Все оплачивало правительство, поэтому мы недурно пообедали французской икрой, салатом из устриц и черепашьим супом. Немыслимо роскошная трапеза для двоих. Устрицы казались пищей богов. Такие я пробовал лишь в молодости. Последний раз я ел их на двухсотлетней ярмарке — когда они стоили пять долларов за дюжину из-за загрязнения. Я могу простить человечеству уничтожение дронта, но не исчезновение атрибутов голубой крови.

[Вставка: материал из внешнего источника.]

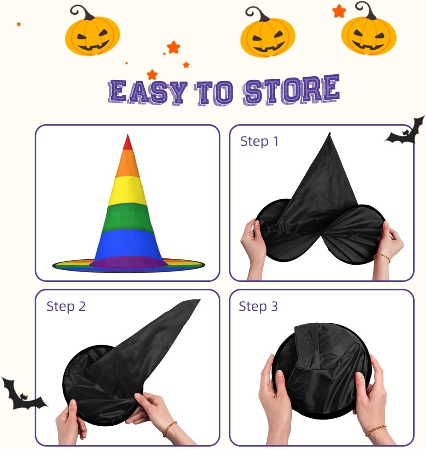 Decorazione del cappello della strega della stampa della bandiera dell'arcobaleno per Halloween,Cappelli di Halloween versatili,Cappelli maghi pieghevoli cappelli da strega Bulk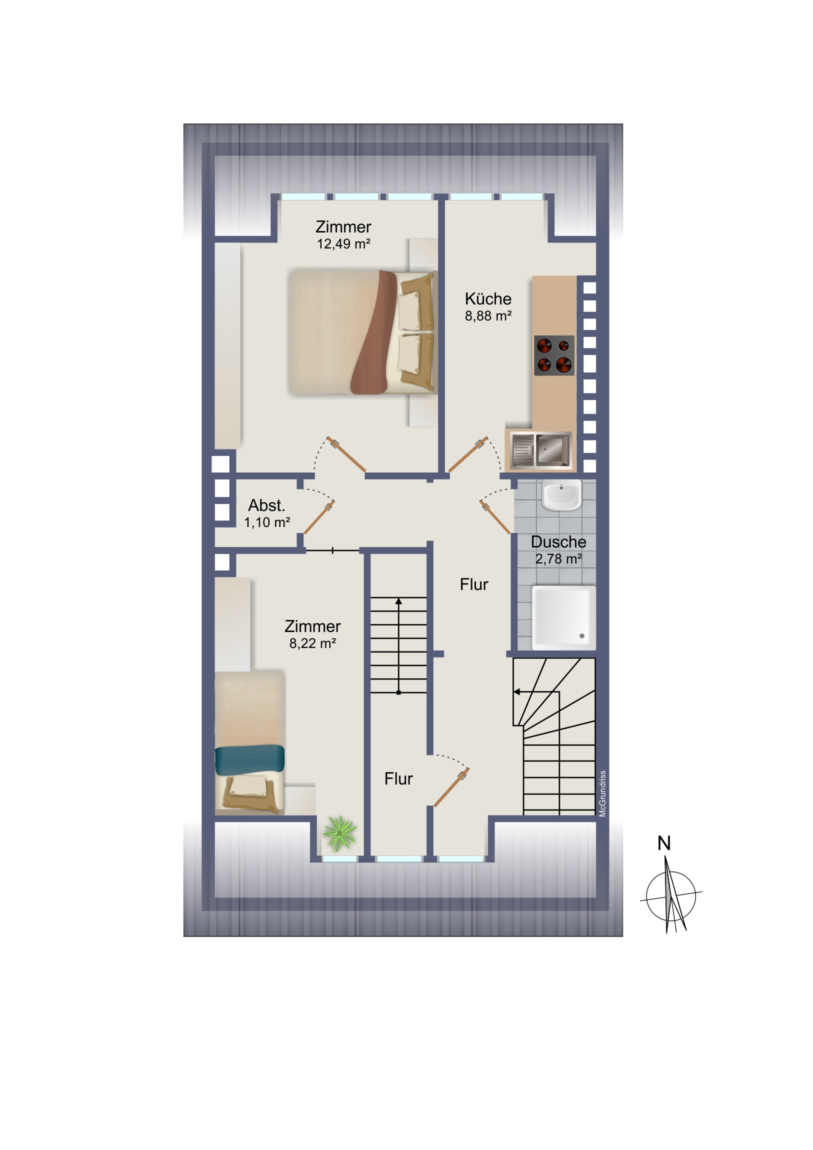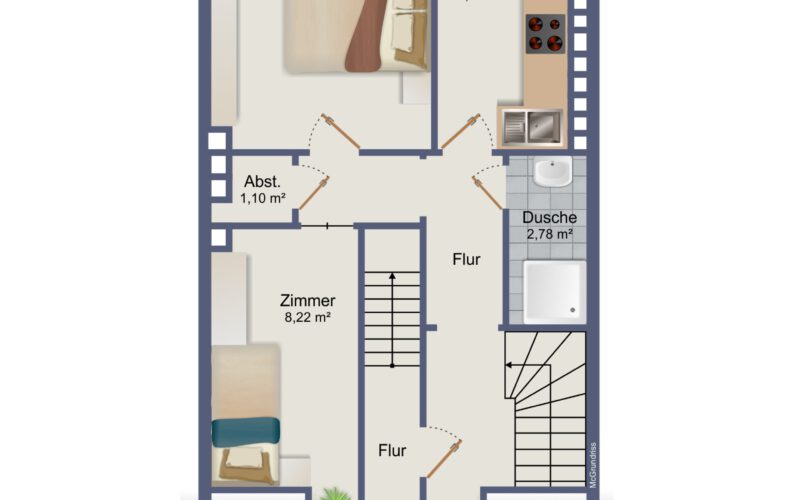 Auf insgesamt vier Etagen stehen ca. 181 m² Wohnfläche zur Verfügung, verteilt auf vier Wohneinheiten mit jeweils zwei Zimmern, Küche und Duschbad. Ergänzend bietet die Immobilie ca. 38 m² Nutzfläche, die zusätzlichen Stauraum und praktische Nutzungsmöglichkeiten für die Mieter eröffnet. Das Grundstück umfasst ca. 137 m² und bietet damit einen gut nutzbaren Rahmen für ein innerstädtisches Objekt dieser Art.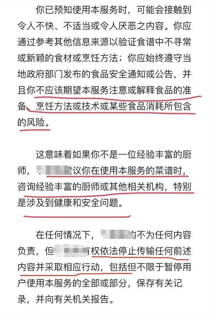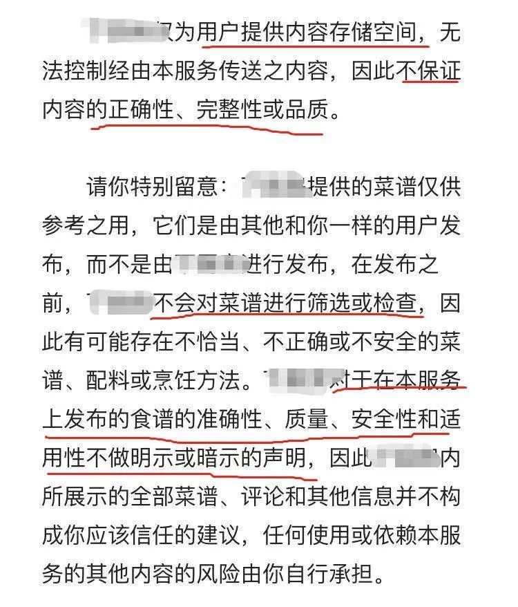 查阅该平台的用户协议,记者发现平台明确将自己定义为用户的“内容存储空间”,“不保证内容的正确性、完整性或品质”。在“特别留意中”,平台提示“不会对菜谱进行筛选或检查”,不对“食谱的准确性、质量、安全性和实用性”做“明示或暗示的生命”,并建议使用时,“咨询经验丰富的厨师或相关机构”。

Насытившись, мы поднялись наверх. Очарование вечера слегка омрачилось неприятной сценой в вестибюле, где на меня налетели репортеры, пытаясь выяснить подробности.
— Профессор Гафилд…
-..правда, что…
-..несколько слов по поводу вашей теории…
-..Вонан-19…
— Не комментирую. Не комментирую. Не комментирую.
Мы с Мартой запрыгнули в лифт. Я нажал на кнопку индивидуального управления номера — даже несмотря на старинность в отеле присутствовали признаки современности — и мы оказались в безопасности. Она застенчиво посмотрела на меня, но это длилось недолго. Она была стройной и гладкой, представляя собой гармоничное сочетание розового и золотого. И совсем далека от робота, хотя я нашел место ее подключения. В ее объятиях я смог позабыть о человеке из 2999 года, являвшегося угрозой апокалипсистам, и о пыли, которая накапливалась на моем письменном столе в лаборатории. Если существуют какие-то блага для помощников президента, то пусть они снизойдут на Санди Кларика.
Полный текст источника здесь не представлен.